[[ GIVEN DATA, beginning ]]

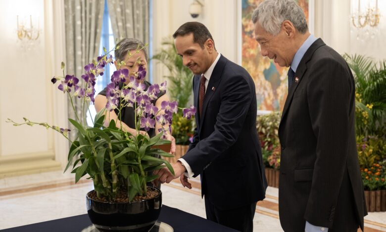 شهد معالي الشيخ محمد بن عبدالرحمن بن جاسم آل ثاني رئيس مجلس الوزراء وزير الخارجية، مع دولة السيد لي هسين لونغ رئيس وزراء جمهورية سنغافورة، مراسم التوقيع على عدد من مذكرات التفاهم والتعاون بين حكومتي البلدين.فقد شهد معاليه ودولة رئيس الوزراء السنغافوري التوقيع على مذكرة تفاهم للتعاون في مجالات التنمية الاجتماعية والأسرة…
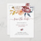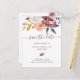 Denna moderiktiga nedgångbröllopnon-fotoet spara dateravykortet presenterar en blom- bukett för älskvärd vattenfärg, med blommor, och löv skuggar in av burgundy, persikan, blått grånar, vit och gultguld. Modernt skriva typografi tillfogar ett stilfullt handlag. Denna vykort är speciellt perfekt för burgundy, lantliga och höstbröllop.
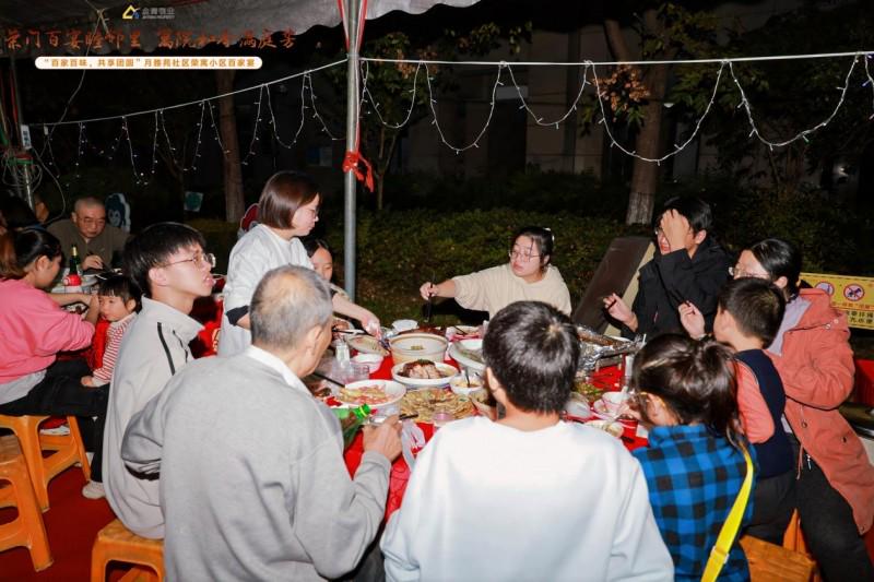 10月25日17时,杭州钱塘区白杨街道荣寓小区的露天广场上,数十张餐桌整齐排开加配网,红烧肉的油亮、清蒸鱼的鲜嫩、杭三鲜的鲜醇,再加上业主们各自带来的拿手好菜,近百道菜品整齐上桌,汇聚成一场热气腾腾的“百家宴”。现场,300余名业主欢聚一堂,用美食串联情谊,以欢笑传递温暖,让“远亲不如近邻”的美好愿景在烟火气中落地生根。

[[ GIVEN DATA, end ]]

[WORK TO BE COMPLETED]
Retype the whole listing. Keep every word exact but include no pictures.

[EXPECTED OUTPUT]
 شهد معالي الشيخ محمد بن عبدالرحمن بن جاسم آل ثاني رئيس مجلس الوزراء وزير الخارجية، مع دولة السيد لي هسين لونغ رئيس وزراء جمهورية سنغافورة، مراسم التوقيع على عدد من مذكرات التفاهم والتعاون بين حكومتي البلدين.فقد شهد معاليه ودولة رئيس الوزراء السنغافوري التوقيع على مذكرة تفاهم للتعاون في مجالات التنمية الاجتماعية والأسرة…
 Denna moderiktiga nedgångbröllopnon-fotoet spara dateravykortet presenterar en blom- bukett för älskvärd vattenfärg, med blommor, och löv skuggar in av burgundy, persikan, blått grånar, vit och gultguld. Modernt skriva typografi tillfogar ett stilfullt handlag. Denna vykort är speciellt perfekt för burgundy, lantliga och höstbröllop.
 10月25日17时,杭州钱塘区白杨街道荣寓小区的露天广场上,数十张餐桌整齐排开加配网,红烧肉的油亮、清蒸鱼的鲜嫩、杭三鲜的鲜醇,再加上业主们各自带来的拿手好菜,近百道菜品整齐上桌,汇聚成一场热气腾腾的“百家宴”。现场,300余名业主欢聚一堂,用美食串联情谊,以欢笑传递温暖,让“远亲不如近邻”的美好愿景在烟火气中落地生根。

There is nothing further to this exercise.